I have not used R for the creation of the network form the bottom-up, but we may use it for plotting and exploration (as Python) and more importantly, for model building and model testing.
We first need to retrieve the two files we created in Python (which are now in Github).
Note: If you see have an SSL ERROR when you are getting data from Github, you can try this:
options(width = 320, RCurlOptions = list(verbose = FALSE, capath = system.file("CurlSSL",
"cacert.pem", package = "RCurl"), ssl.verifypeer = FALSE))
getOption("RCurlOptions") # just to confirm ssl status!
## $verbose
## [1] FALSE
##
## $capath
## [1] "/Library/Frameworks/R.framework/Versions/3.0/Resources/library/RCurl/CurlSSL/cacert.pem"
##
## $ssl.verifypeer
## [1] FALSE
BUT first try to do it without the lines above
The idea is that now your are ready to get the files:
library(RCurl)
## Loading required package: bitops
# EDGELIST
WarsForRGit <- getURL("https://raw.github.com/MAGALLANESJoseManuel/SocialScienceDataTools/master/TemplatesPython/WarsForR.csv")

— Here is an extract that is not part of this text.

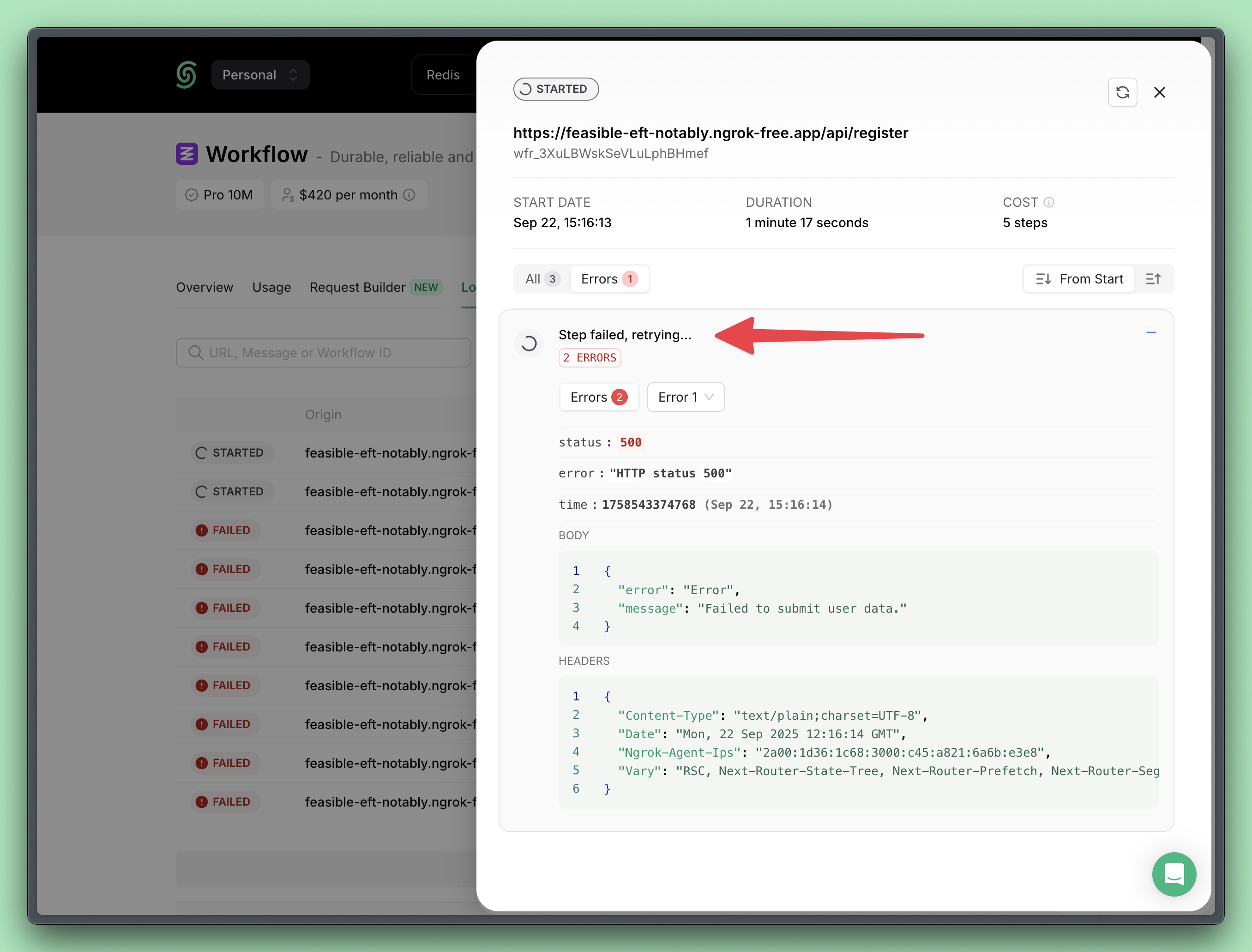 When a step fails, Upstash Workflow automatically retries the failed step with configurable retry attempts and delay strategy. This allows temporary issues to resolve without manual intervention.

el <- read.csv(text = WarsForRGit, header = T)
# NODE ATTRIBUTES
WarsForR_attrGit <- getURL("https://raw.github.com/MAGALLANESJoseManuel/SocialScienceDataTools/master/TemplatesPython/WarsForR_attr.csv\n")

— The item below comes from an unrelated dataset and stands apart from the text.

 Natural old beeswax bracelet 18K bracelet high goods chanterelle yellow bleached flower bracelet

at <- read.csv(text = WarsForR_attrGit, header = T, as.is = T) #node attributes
Let's take a quick look at igraph.
library(igraph)
Now let's create a network with igraph:
# el<-read.csv('WarsForR.csv',header=T) #list of edges at<-read.csv('WarsForR_attr.csv', header=T, as.is=T) #node attributes
warsGraphIgraph2 = graph.data.frame(el, directed = FALSE, vertices = at)
x = V(warsGraphIgraph2)$longitude
y = V(warsGraphIgraph2)$latitude
l2 = cbind(x, y)
plot.igraph(warsGraphIgraph2, layout = l2, edge.width = E(warsGraphIgraph2)$duration) #width of edge based on duration!
Once we have the network in igraph we can continue using all its tools. Particularly, I recommend reviewing the documentation found at [igraph wiki](http://igraph.sourceforge.net/igraphbook/.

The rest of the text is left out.